Many Shoppers locations were already in areas where another Loblaw branded grocery store was in place, and Shoppers had for a while been expanding their product offering beyond prescription drugs and cosmetics by offering more varieties of food and drinks.
This is a textbook example of using “economies of scope” where, for example, Loblaw can send one truck to resupply a Shoppers and a nearby Loblaw store instead of having to rely on two trucks if the two companies remained independent. At the same time, Loblaw also merged the Shoppers Optimum rewards program with the President’s Choice Points Rewards program to create a new program called PC Optimum, which has been well received.

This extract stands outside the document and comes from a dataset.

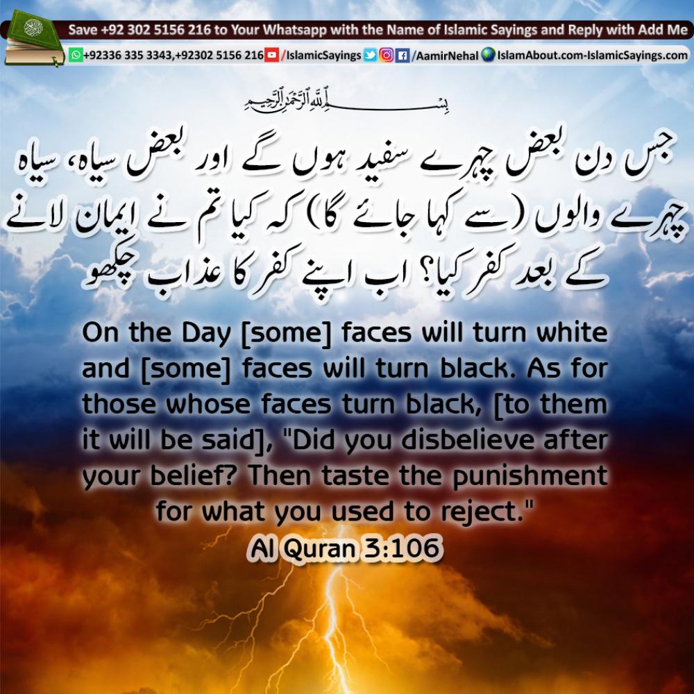 یَّوۡمَ تَبۡیَضُّ وُجُوۡہٌ وَّ تَسۡوَدُّ وُجُوۡہٌ ۚ فَاَمَّا الَّذِیۡنَ اسۡوَدَّتۡ وُجُوۡہُہُمۡ ۟ اَکَفَرۡتُمۡ بَعۡدَ اِیۡمَانِکُمۡ فَذُوۡقُوا الۡعَذَابَ بِمَا کُنۡتُمۡ تَکۡفُرُوۡنَ ﴿۱۰۶﴾
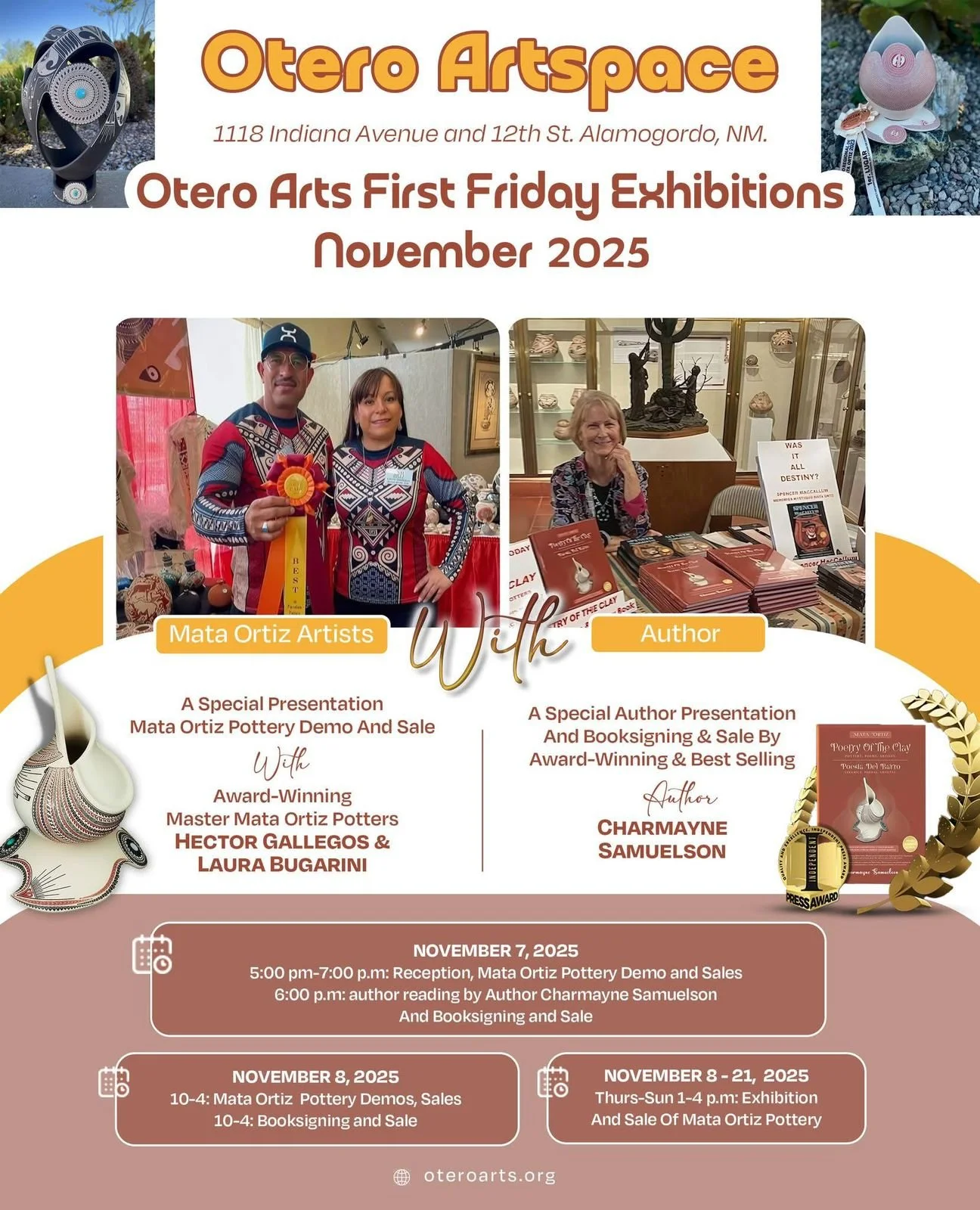 Otero Artspace in Alamogordo, NM, presents a month-long celebration of art and storytelling through pottery and literature. The event features award-winning Mata Ortiz master potters Héctor Gallegos and Laura Bugarini, offering live pottery demonstrations and sales, alongside author Charmayne Samuelson, who will host a reading, book signing, and sale of her award-winning book “Hearts of the Clay.”

A Pure-Play on the Grocery Business
In 2012, the company announced that it was spinning off its real estate holdings and forming a new company that would be in charge of that called Choice Properties REIT. With the spin-off now complete, Loblaw is now a pure-play on Canadian grocery and retail and is divorced from fluctuations in the real estate markets.
Loblaw also purchased the popular Chinese grocery store chain T&T Supermarkets in 2009, which have also been wildly successful for the company and helped it tap into a market that has massive growth potential due to the rising popularity of Chinese food and other Asian-themed dishes in Canada in the past decade.
In recent years, the company is expanding its online presence with its PC Express grocery pickup and delivery service. As of now, customers can order their groceries online and have them delivered to designated pick-up locations (often Loblaw-owned stores). The company is reported attempting to expand their portfolio of PC Express pick-up locations, with the next push being to condominiums in densely populated Canadian cities like Toronto or Mississauga.
What’s Next For Loblaw?
Loblaw remains a good and stable long-term value play on the Canadian consumer retail market. Loblaw’s chain of popular grocery stores will not go away anytime soon. Investors should feel very comfortable holding onto the stock, though it would be a mistake to expect crazy high returns.